- Task to carry out
Both the line with "Decorative image - 1" and the line with "Мастер-класс для деревенских" in the records below must appear in the output, along with every line between them, exactly and with nothing added.

- Exercise data
------------------------------------------------------------
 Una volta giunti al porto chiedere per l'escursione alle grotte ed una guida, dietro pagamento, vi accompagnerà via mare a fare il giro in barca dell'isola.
------------------------------------------------------------
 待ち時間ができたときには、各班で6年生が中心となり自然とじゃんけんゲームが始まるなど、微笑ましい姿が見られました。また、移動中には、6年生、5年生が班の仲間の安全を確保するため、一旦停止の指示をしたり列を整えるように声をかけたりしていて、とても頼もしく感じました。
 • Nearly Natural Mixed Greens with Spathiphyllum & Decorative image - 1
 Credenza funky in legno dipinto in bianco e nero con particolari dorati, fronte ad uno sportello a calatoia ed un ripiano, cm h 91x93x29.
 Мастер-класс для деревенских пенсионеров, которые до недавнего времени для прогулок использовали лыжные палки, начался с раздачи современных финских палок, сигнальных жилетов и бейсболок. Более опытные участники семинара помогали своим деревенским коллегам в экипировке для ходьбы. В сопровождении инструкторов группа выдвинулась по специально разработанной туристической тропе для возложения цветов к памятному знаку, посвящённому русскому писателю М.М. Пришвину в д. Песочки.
------------------------------------------------------------
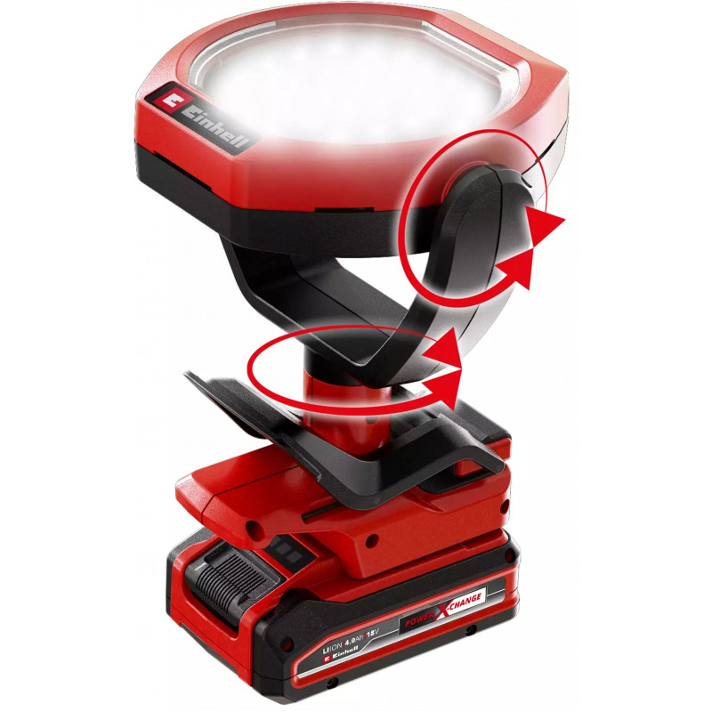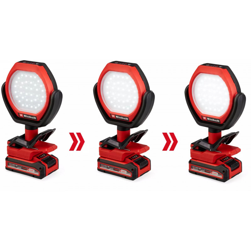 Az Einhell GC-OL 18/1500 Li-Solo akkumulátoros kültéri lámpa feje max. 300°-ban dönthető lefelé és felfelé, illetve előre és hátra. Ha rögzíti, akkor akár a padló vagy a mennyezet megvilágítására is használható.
------------------------------------------------------------
- Result for this exercise
 • Nearly Natural Mixed Greens with Spathiphyllum & Decorative image - 1
 Credenza funky in legno dipinto in bianco e nero con particolari dorati, fronte ad uno sportello a calatoia ed un ripiano, cm h 91x93x29.
 Мастер-класс для деревенских пенсионеров, которые до недавнего времени для прогулок использовали лыжные палки, начался с раздачи современных финских палок, сигнальных жилетов и бейсболок. Более опытные участники семинара помогали своим деревенским коллегам в экипировке для ходьбы. В сопровождении инструкторов группа выдвинулась по специально разработанной туристической тропе для возложения цветов к памятному знаку, посвящённому русскому писателю М.М. Пришвину в д. Песочки.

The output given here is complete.